Of course, if you will stop and watch the birds, sometimes
you’ll get crapped on.
But that’s okay. It’s all part of being there.
I stayed and watched
the birds until they seemed content with their aerial antics for the evening.
Checking the time I was delighted to find I hadn’t missed happy hour after all.
I stopped off to de-bird myself and went to The Balcony.
Lychee martinis were up on happy hour. Listed in the menu as
“a real lady pleaser,” let me report that this lady was totally pleased. I
could see the sea from my seat outside behind the patch of railing I’d been
eyeing from below, and the martini was delicious, served with two lychees on a
stick. Unsure of the etiquette but deciding they looked tasty, I ate and
enjoyed them.
The clouds were rose, the martini was amazing, I could see
both where I work and the sea, I contentedly crossed Have a Drink at The
Balcony off my List of Things To Do.
Happily juiced upon lychee and Cointreau, I arrived home to
discover a new housemate. We are now an Aussie, a Japanese lady, an American, and a Korean. For the first time in ages, all of us were home and
around the kitchen, so we sorted through the fridge and freezer and cupboards,
made our new roommate some shelf space, and acquired some delectable leftovers
from old roommates, and established a “community food” shelf.
Roommate situation sorted, I grabbed a jacket and went back
outside, to the Green Garage. The night had become very cool, and can only be
described as smelling like starlight. The air is so clear and the sky so dark
blue and bright, the stars twinkle like St. Nick’s eyes. It makes you want to
stop and watch all night, but you don’t because then you’d freeze, having so
much tropical sun in your skin from earlier in the day contrasting with the
falling chill of night. So I walked the block to the internet, blissfully
looking at the stars.
Arriving at the outdoor internet a block from home, Google
informed me that many people eat the garnishes with relish (no pun intended)
and that Rachel Maddow thinks it’s a bad idea. While I generally think Rachel
Maddow is mostly right about everything, I’m going with the majority here; if
it looks tasty and is tasty, taste it!
It’s all of seven thirty pm now, and I’ve been writing in in
my pajamas again for almost an hour, museli, yogurt, and green apple waiting on
my side table. I feel great looking at the clock and the sky, having been up
before the dawning and being tired at this hour, ready to curl up and cozy into
inside as the sun has gone down in the world beyond.

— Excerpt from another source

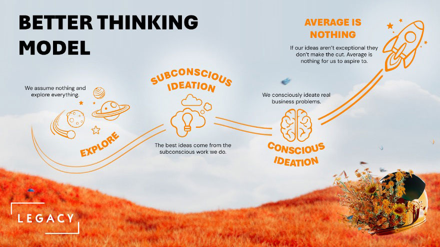 Everything about a process when it comes to creativity seems counter intuitive, but ideas need parameters. A simple but meticulously thought-out four stage process has been developed at Legacy to enable everyone to think better.

My god, how lucky am I? Honestly, I swear, and I know it’s terrible
but I confess it’s true, all this having fun and living the perfect life is
seriously stressing me out around the edges. There’s such a sense of “oh my
god, what an unreal opportunity, don’t screw it up, squeeze every second and
last drop of perfection out of each and every blessed day, don’t take a single
heartbeat for granted.” Day by day, moment by moment, really, I’m learning to
take it easy and do things naturally, and making the most of each
once-in-a-lifetime moment, living lifetimes in moments, and the spaces in
between.
Life here is beautiful, it’s amazing, it’s exhausting. Like
a puppy just out of the box on Christmas morning, scampering from one amazing
new experience to the next all day, I’m going to curl up here and see if I can
also perfect the art of resting, the taste of salt and lychee on my lips.